Objectives
 Introduce other number systems as binary and hexadecimal.
 Show the foundations on which they are based.
 Know where does come from computer science slang
Bill of materials

Patience and 20 minutes to spare. 
The problem
In the previous chapter we introduced a circuit with a Shift Register to operate 8 digital (or more) outputs using only 3 pins of our Arduino, assembled a prototype with 8 LEDs and wrote a first program in which we iterated a number from 0 to 255, sending it to the shift register´s output.
We said that the LED would count in binary and show those values in the prototype. But so far we have not talked at all of what the binary system is or why computers are based on it. Is our old familiar decimal system not good enough for computers? Is it part of an international conspiracy to torture computer science students or to defend the shameful interests of science faculties?
According to my own experience, people who have studied digital electronics or computer science, usually have more or less clear ideas on these issues, but the rest of college students and younger people, hardly have a basic minimum understanding, even though we live in a world in which we daily handle technology and computer terms without a minimum of understanding of the basis on which they are based.
As these tutorials are intended not to assume any prior knowledge, it is time to introduce some concepts and basic ideas about digital technology.
We are well aware of the stampede that such a claim can produce between the valiant followers of these tutorials, so we will promise first we will try to make it easy and even pleasant and second, that it is worthwhile, because you can’t understand modern technology without having minimum notions of its foundations.
THE DECIMAL SYSTEM
We are so accustomed to the decimal system that the very idea that any others can be used may at first sound absurd or even malicious. And yet this is only one among an great number of possibilities.
Since we were children, we have been taught in the school to use it and in the end we have learnt it by heart, so we have even forgotten the basic rules that we apply, we just do it and that’s all.
We’ll have to remember these rules. The first is that it is called decimal system because we use ten digits from 0 to 9. No sir, we do not use the numbers from 1 to 10. Why?
Well, probably due to the fact that we have 10 fingers on each hand, and remember that hands were the first calculator, we tend to think we have to use the numbers from 1 to 10. In fact, the symbolic representation of a number is called digit, that comes from the Latin digitus, that is, finger. But, although we have assumed the number system that we were taught when we were children, it is not easy to understand the conceptual leap that means representing nothing using the symbol 0. And this is the key.
The ancient Greeks and Romans, for example, had a numbering system that didn’t worked very well, it was chaotic because it was not a positional but a symbolic system and it included neither the concept nor the notation of zero. Addition was difficult but multiplication or division was almost impossible.

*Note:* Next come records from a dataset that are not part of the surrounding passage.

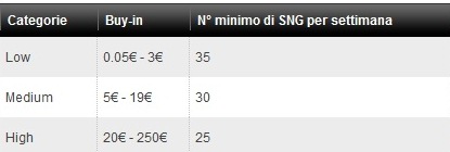 Guadagnare i punti per accedere alla speciale classifica è semplicissimo: ti basterà partecipare ai sit&go di Titanbet.it, composti da almeno 5 giocatori e giocarne un minimo a settimana secondo la seguente tabella che tiene in considerazione anche il buy-in. Per ogni sit&go giocato in più rispetto al minimo richiesto, si otterranno 1,5 punti in extra.
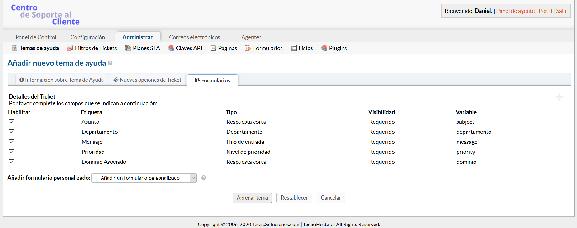 Formulario personalizado: información adicional para tickets asociados con este tema de ayuda. Los formularios personalizados se pueden crear en el Panel de administración > Administrar> Formularios. Los campos del formulario aparecerán una vez que se seleccione el tema de ayuda.
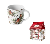 Porcelánový hrnek VÁNOČNÍ PTÁČCI 1, 400 ml v papírovém domečku
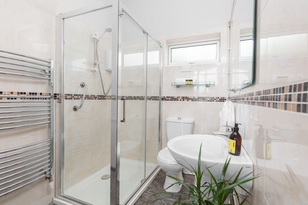 The spacious and contemporary tiled shower room has a double width shower tray, electric shower, WC and sink.
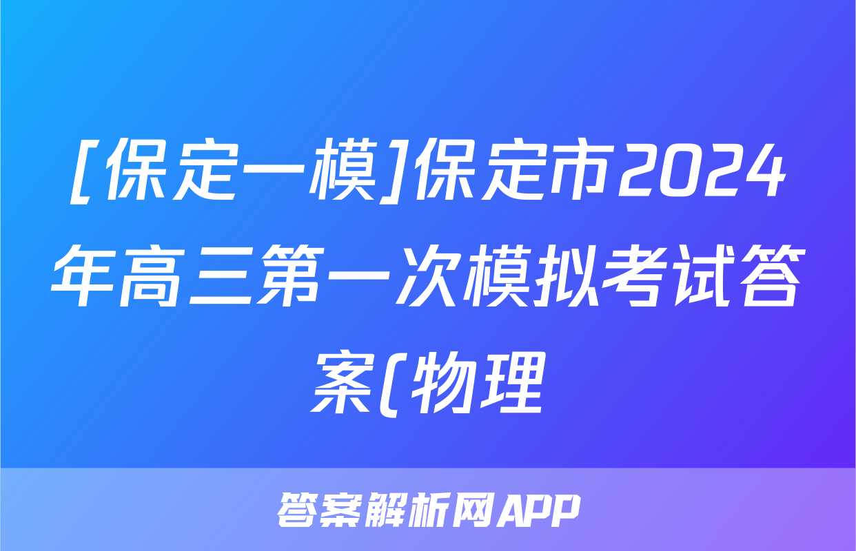 [保定一模]保定市2024年高三第一次模拟考试答案(物理)正在持续更新,目前2026卷行天下答案网为大家整理了相关试题及答案,供大家查缺补漏,高效提升成绩。
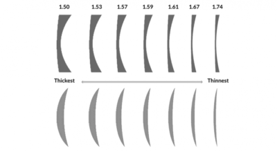 - Your budget: Higher lens index materials tend to be more expensive than lower ones. You will need to balance the cost and the benefit of thinner lenses.

It was an Indian mathematician in the 3rd century, who understood the concept of 0 and its importance as a digit, and established the first modern number system.

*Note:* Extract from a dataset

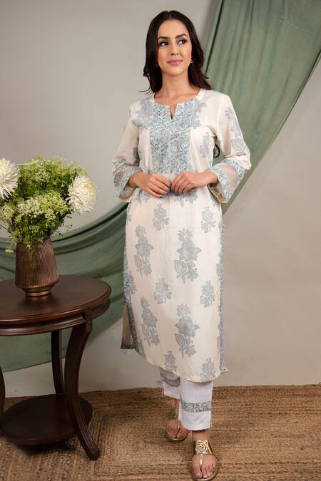 White cotton kurta with blue hand block floral print and sequin embroidery on the sleeve hems.

From there it went to the Arabs, big traders, who immediately understood the advantage of this number system for their business (for when money is involved, piasters or euros, one’s brains racks), and through the Arabs it came to the West in much later times and with the so familiar current notation. So you may have heard that in the West we use Arabic numerals.

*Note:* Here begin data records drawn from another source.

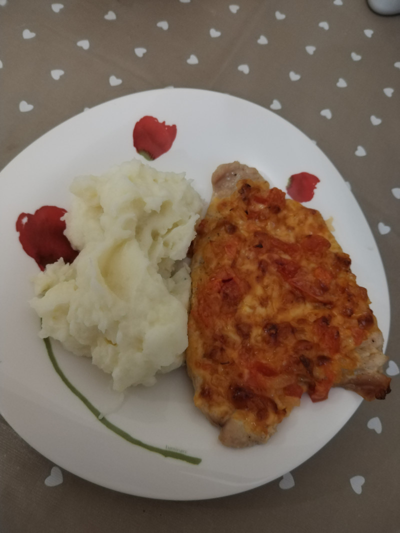 Дочка едет. Отбивная индейка под шапкой из пассированным луком, помидорка, сыр и немного майонеза. Ещё пирог стряпаю.
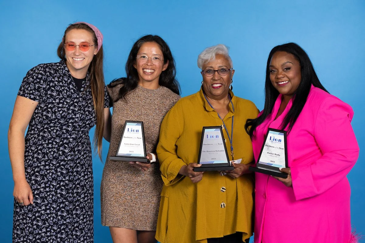 LION Business of the Year, winners: Santa Cruz Local, The Houston Defender, and Outlier Media.
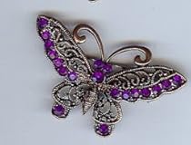 - Victorian Filigree Butterfly Brooch in Antique Copper Finish with Purple Stones. Also available with green stones. 1.5" tall and 2.5" wide at the widest part of the wing span. Costume Quality Jewelry for a lavish, yet inexpensive finishing costume touch!
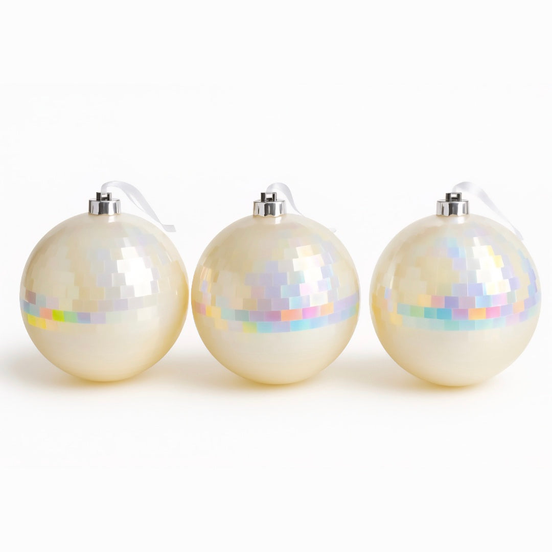 Enjoy Christmas with these gorgeous 150mm iridescent ornaments. Three (3) pieces ornaments that come in a clear plastic box for easy storage.

What rules do we apply to count? You have a good command, I know, but do remember the procedure. We use only two rules:
 First: we use the numbers in increasing order 0, 1, 2,3, … 9 and when we run out of digits we come back to 0 and increase by 1 the digits on the left, applying the same rule. That is, we carry one to the left.
 Second: If there isn’t any digits on the left we understand that it is a zero and we apply the first rule to increase it.
Thus, the number that follows 9 will be a 0 to the right (as the following 9 is 0) and as there is nothing on the left, we consider it a 0, so we increase it becoming a 1. So, at the end, we have the desired result, that is, 10. The following numbers are easy:
11, 12,13,….. 19
The following is obtained 19 back to zero position 9 and apply the rule to 1 to 2
20, 21,22…..29 …………… 90, 91,92…..99
What happens now? Well, the same. We apply the first rule to 9 on the right, 9 to 0, and increased 9 on your right, 9 to 0 and apply the rule to nonexistent nonentity that becomes 0 to 1. So the next number is 100 . This is a procedure to create unlimitedly large numbers that greatly simplifies calculations.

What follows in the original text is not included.